These photos were taken before the stay-home orders were issued
News broke late yesterday that Ascena Retail Group Inc., which owns Ann Taylor, LOFT (Lou & Grey), Lane Bryant, Cacique, Catherines, and Justice, is planning to file for Chapter 11 bankruptcy protection, as early as today; following this news, its stock price fell below a dollar in early trading. Ascena’s bankruptcy plan is rumored to include 1200 store closures, and the sale of non-AT-or-LOFT brands and its NJ headquarters.
Ascena’s bankruptcy has been widely speculated since May (in late June Ascena approved “up to $5.5 million in retention awards and performance bonuses” for executives, to avoid needing to seek court approval once it entered bankruptcy proceeding), but has been warned as early as 2018. Since acquiring Ann Inc., the former parent of Ann Taylor and LOFT, back in 2015 for a whopping $2.16 billion, Ascena has had a few rough years: it struggled mightily with its increasing debt load, an inability to grow its audience, and declining mall (thus store) traffic; in 2019, Ascena faced NASDAQ delisting after its stock price fell below $1, and attempted (but failed) to sell Dressbarn (eventually closing all 650 locations).
The likely outcome for Ascena is that some brands–Ann Taylor and LOFT–will survive bankruptcy, while others–Lane Bryant, Catherine, and Justice–will be sold or closed (earlier attempts to fruitfully divest these brands weren’t successful).

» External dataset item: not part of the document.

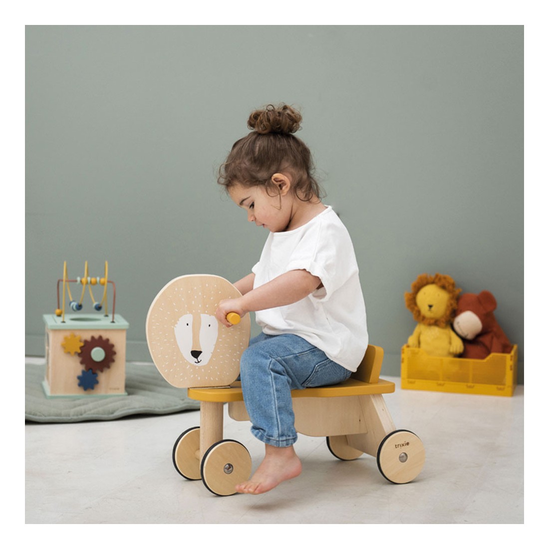 Fabriqué en bois massif certifié FSC©, il dispose de roues en bois avec une fine bande de caoutchouc assurant une bonne adhérence au sol. Cette draisienne à l’effigie du petit lion Trixie permettra à votre enfant de développer motricité, équilibre et autonomie dès 1 an.

As I mentioned in the post about J.Crew’s bankruptcy, here are steps that consumers can do to protect themselves:
• If you have any Ann Taylor merchandise credits or gift cards, try to use them ASAP.
• If you purchase anything from Ann Taylor in the meantime, use credit cards with the friendliest chargeback process; and avoid paying for purchases with a debit card or store card.
• If you are planning to make a return, do so right away and obtain a proof of delivery for the shipment.
Brace yourself: Brooks Brothers also filed for Chapter 11 bankruptcy protection earlier today.